Inequalities are not as hard as they look. They are best solved pretending that the inequality is not there until the very end of the equation; just pretend that the inequality is an "=" sign. For example:

3x + 28 <= 5x

Just treat this as you would any other algebraic equation. Subtract 5x from both sides, and then subtract 28 from both sides to get:

-2x <= -28

Now divide both sides by -2 to get:

x >= 14

Notice that when you multiply or divide by a negative number, the inequality direction changes! When multiplying or dividing by a positive number, the inequality direction stays the same.

Interest

Interest calculations are used most commonly with money problems. For the ASVAB, you will need only to know this simple formula:

Interest = Principal x Interest Rate x Time --- or I = P x R x T

For example, if you deposit $10,000 at a bank earning 5% yearly interest, how much money will you have after 18 months?

  1. First, define your terms. P = $10,000, R = 0.05 (remember to move the decimal two spaces to the left to convert a percentage to a decimal) and T = 1.5 (express the months in years - 12 months = 1 year).
  2. Second, calculate the interest. Here, I = ($10,000) x (0.05) x (1.5) = $750.
  3. Finally, add the interest back to the principal to get the total. You have $10,000 + $750 = $10,750 in your bank account.

Numbers

Real numbers: Real numbers encompass rational (expressible as a fraction) and irrational (not expressible by fractions) numbers, both positive and negative.

Imaginary numbers: Imaginary numbers can be expressed as some real number times the square root of negative one (sqrt(-1)). They are found only in high-level math and science. You will not have to worry about them on the ASVAB.

Rational numbers: Rational numbers are numbers that can be expressed as fractions. For example, 0.60 is a rational number since it also can be expressed as 3/5.

Irrational numbers: Irrational numbers cannot be expressed by a fraction. This means that they will have a non-repeating decimal component. For example, pi is irrational, since 3.14 ... cannot be expressed as a fraction.

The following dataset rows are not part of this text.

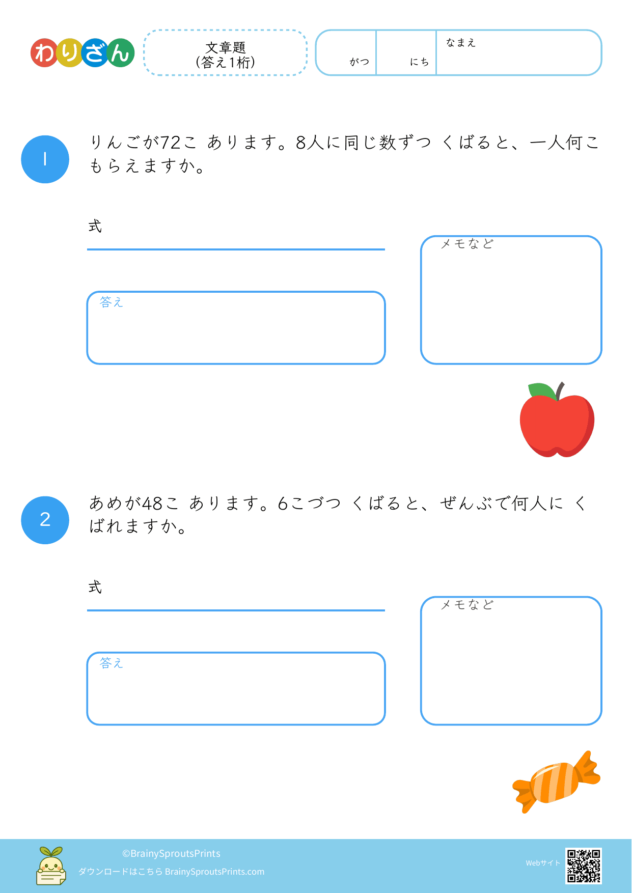分ける場面や、いくつ分あるかを考える場面を文章から読み取りやすいプリントです。わり算は場面の意味がつかめるかで理解が変わるので、式にする前の読み取りが大切になります。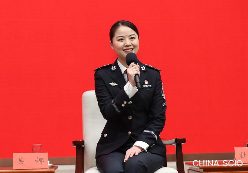Wu Na, Party secretary of the First Passenger Security Screening Division of the Security Check and Safety Protection Department at Hongqiao Airport Company of Shanghai Airport Authority and a person in charge of the "Wu Na Model Worker Innovation Studio," attends a group interview held by the Publicity Department of the Central Committee of the Communist Party of China in Beijing on July 6, 2021. [Photo by Xu Xiang/China SCIO]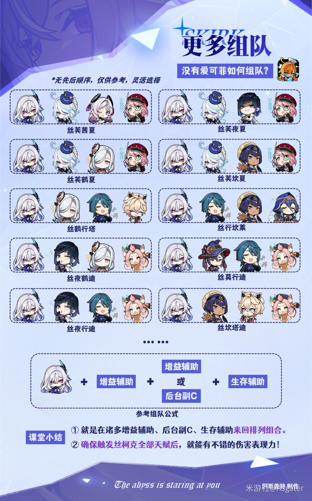 ② 队友以“提高丝柯克的大招伤害”为主,如爱可菲、芙宁娜、申鹤、莫娜等。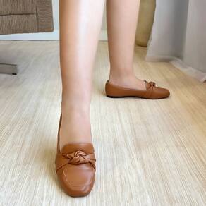 Mocassim Feminino Bico Quadrado Detalhe em Nó Caramelo - 35 - Marrom Cacau
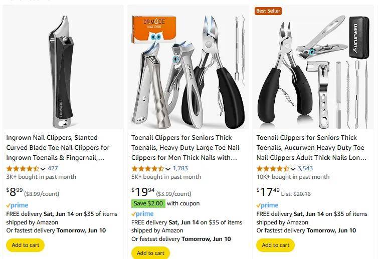 亚马逊美国站数据显示,售价为8.99美元的单个鹰嘴指甲刀上个月销量达3000+单;售价为19.94美元的鹰嘴指甲刀套装上个月卖出5000+单;来自Aucurwen店铺售价17.49美元的老年人厚趾甲钳上个月销量超10000+单,抢占该类目畅销榜。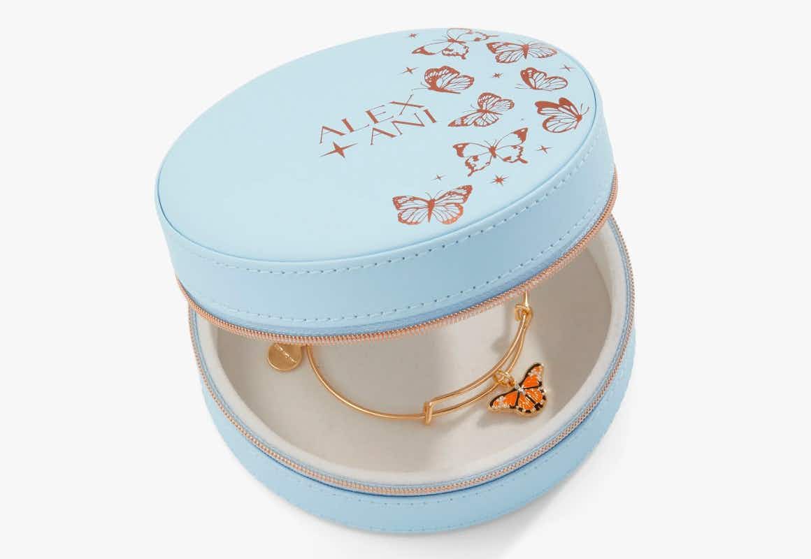 Plus, spend $45 or more on Alex and Ani products at checkout and score a Butterfly Jewelry Case for just $15, regularly $35.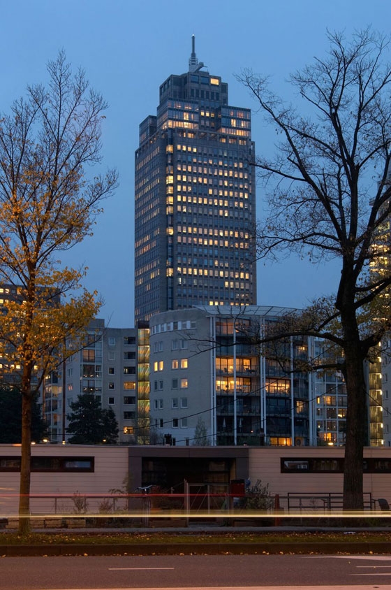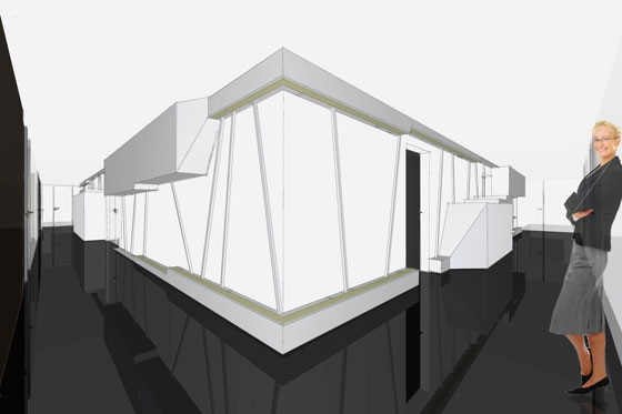 Als Ansatz bei diesem Projekt dient der Erschließungskern, den wir durch Anspielung an seine ursprüngliche Funktion zu einem eigenständigen Objekt werden lassen. Unser Entwurf aktiviert den Raum um den Kern, und lässt durch die zusätzliche Dimension der Zeit, in diesem Fall das Gehen bzw. die Distanz, die zurückgelegt wird, mit jedem Ändern der Perspektive einen neuen Raumeindruck entstehen. Um das Herumlaufen um den Kern zu „provozieren“, haben wir Elemente nach dem Windmühlenprinzip um den Kern angeordnet, wobei die oberen und unteren Elemente gegenläufige Drehrichtungen erhalten. Durch das an allen vier Wänden wiederholte Prinzip und die relativ kurze Wiederholungsfrequenz beim Begehen entsteht beim Besucher intuitiv die Begierde, der Skulptur zu folgen.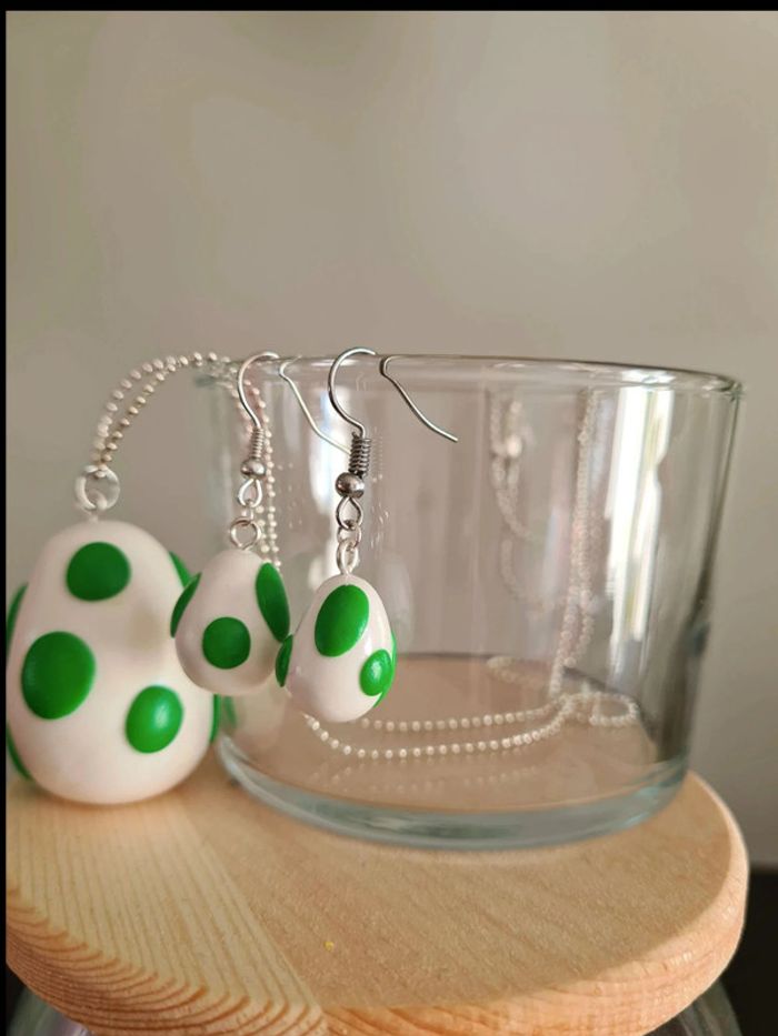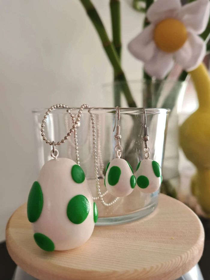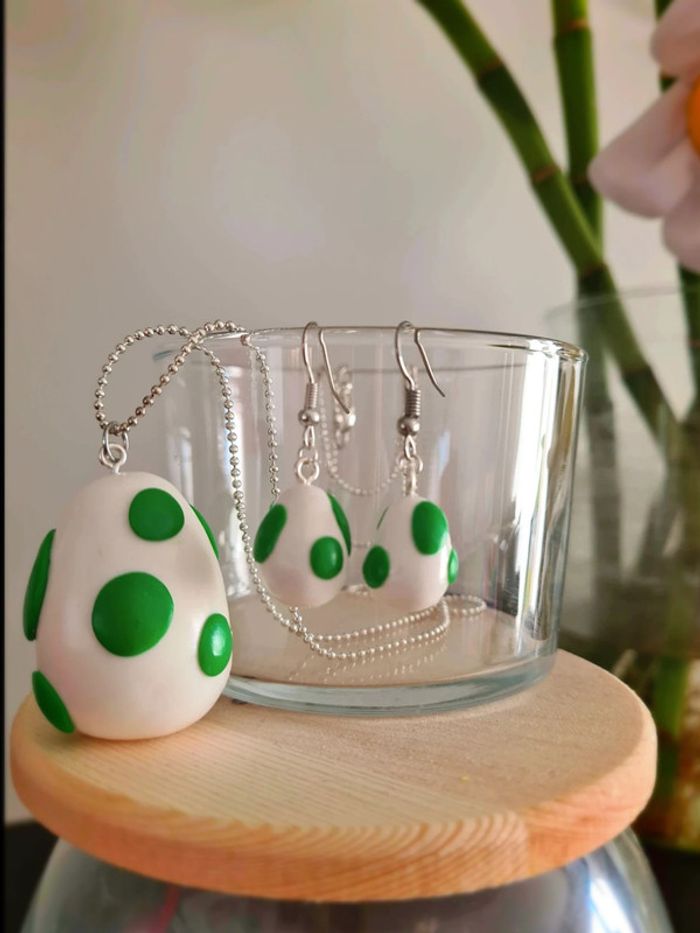 Parure Yoshi collier et boucle d'oreilles oeuf de yoshi #inochitbebijouxetfigurines #yoshi #supermario #geek #mario

Whole numbers: Whole numbers are numbers that have no decimal component and are greater than or equal to zero. They can be expressed as: W = {0, 1, 2, 3, 4, 5, ...}

Natural numbers: Natural numbers are just a subset of whole numbers. However, natural numbers do not include zero. Natural numbers can be expressed as N = {1, 2, 3, 4, 5, 6, ...}

Integers: Integers are essentially positive and negative whole numbers. In other words, they are all numbers with no decimal component, both greater than, less than and including zero. They can be expressed as I = {... -4, -3, -2, -1, 0, 1, 2, 3, 4, ...}

Prime numbers: Prime numbers are those that can be divided only by one and themselves; no other whole numbers fully divide them. One is usually considered a "special case" and thus not a prime number. The prime numbers up to 100 are: P = {2, 3, 5, 7, 11, 13, 17, 19, 23, 29, 31, 37, 41, 43, 47, 53, 59, 61, 67, 71, 73, 79, 83, 89, 97}.

Composite numbers: Composite numbers are the "opposite" of primes. They are all numbers that can be divided wholly by one, themselves and at least one other whole number. The following are all examples of composite numbers: 10, 18, 27, 44, 121.

Patterns and sequences

Patterns and sequences are used widely throughout math. They follow some prescribed formula. Often you will be given a sequence of numbers and then asked to figure out the mathematics that pattern governs it. For example:

1, 2, 3, 4, 5 ...

It is easy to see that the pattern here is +1: each number just = the previous number +1.

Another example:

-20, -19, -17, -14, -10, -5, 1, 8, 16, 25 ...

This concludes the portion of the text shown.